Soros’s reflexivity theory is also a common-sense explanation of why trends exist and why price momentum could be an excellent equity selection filter.
What happens when the price of a stock makes a new all-time high?
1) The market is considered a feedback mechanism. When prices go up, people assume that their initial investment thesis is right and their expectations justified. They buy more and are joined by even more people wanting to participate in the trend. The fear of missing out is ruling market’s behavior.
2) Higher stock prices mean happy shareholders. Since the manager of our company has made his investors a lot of money, he receives a lot of good faith and patience for future experiments. This manager could make a lot bolder moves and he is given more time to be right.
We have all seen the incredible faith that Amazon’s shareholders have in Jeff Bezos. 16 years after its IPO, Amazon still losses money on the occasional quarter, because it invests heavily in new projects. Amazon missed Wall Street’s earnings expectations in four of its last five reports. Any other stock would have been killed for missing estimates so many times. Not Amazon. Its stock climbed 50% in the past year and a half.

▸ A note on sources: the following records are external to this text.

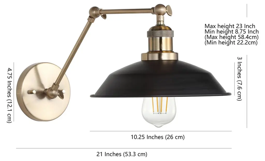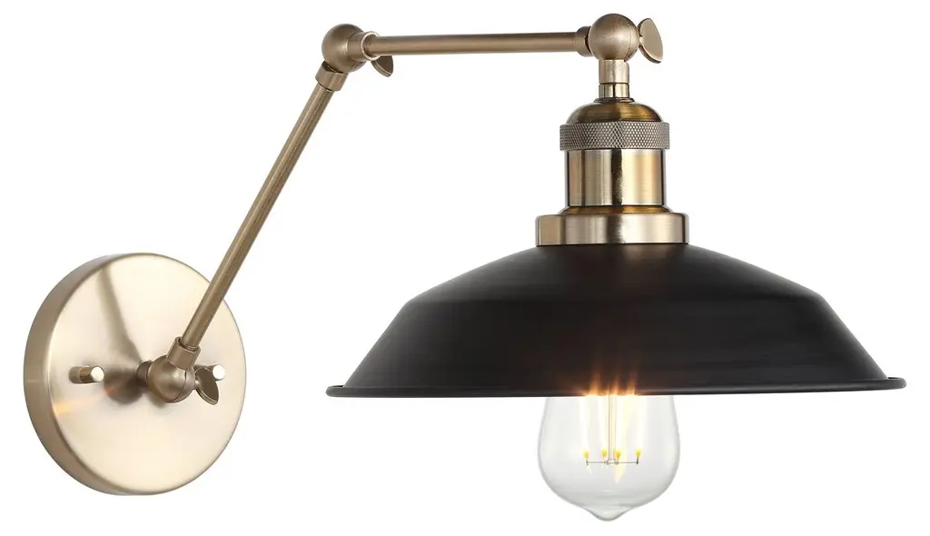 The black shade and the brass finish give this industrial-chic sconce a glamorous update. Hardwired.
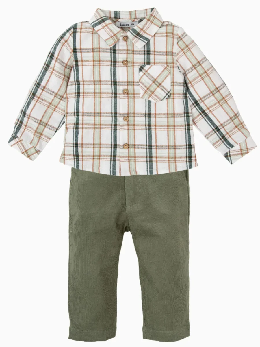 Associée au pantalon en velours vert, cette chemise crée une tenue harmonieuse et pleine de style. Cette combinaison est parfaite pour les occasions spéciales, les promenades en famille ou simplement pour un look décontracté mais élégant. Le velours vert du pantalon complète parfaitement le motif à carreaux de la chemise, créant ainsi un ensemble visuellement attrayant et confortable.
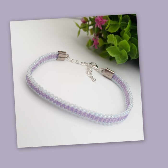 Thin soft pastel lilac purple seed bead handwoven bracelet

Management is an important part of the fundamentals of one company. When investors trust and believe management, they are willing to give his/her company a lot higher P/E multiple, and for a good reason. Investors tend to trust managers that make them money.
3) The company could use its appreciated stock as a currency in order to acquire smaller competitors and the best human talent in its respective field, which makes it a lot stronger, functionally and operationally. We see how Google is scooping up many of the best engineers in the world. We see how Salesforce is incredibly active on the acquisition field. Better people, new and better products, less competitors are all factors that actually improve company’s fundamentals and they could be all derived from higher stock prices. The improved fundamentals attract a completely new set of buyers, which props the prices even higher.
And all of this could be started with just a good story about a better future. This is how perceptions become a reality.
Prices change when expectations change and expectations change when prices change. A good story that could capture the imagination could change expectations. The dream of future profits is what excites people, not the reality.
This is how momentum works, but the process does not last forever. People’s expectations about the future don’t always come true. The market constantly tries to discount events that have not happened yet. As a result, it will sometimes discount events that will never happen. The market is forward looking, but in the same time it is constantly looking for a feedback: in short-term perspective from price; in longer-term perspective – from fundamentals.
Sometimes, expectations turn into a self-fulfilling prophecy and end up impacting fundamentals. More often than not, the discounted future is way too optimistic or pessimistic. It is human nature to over-discounts identified risks and opportunities. When the market realizes that it is not right, it just gaps in the other direction and starts the process of correcting its mistake – that process is usually a lot more violent and quicker.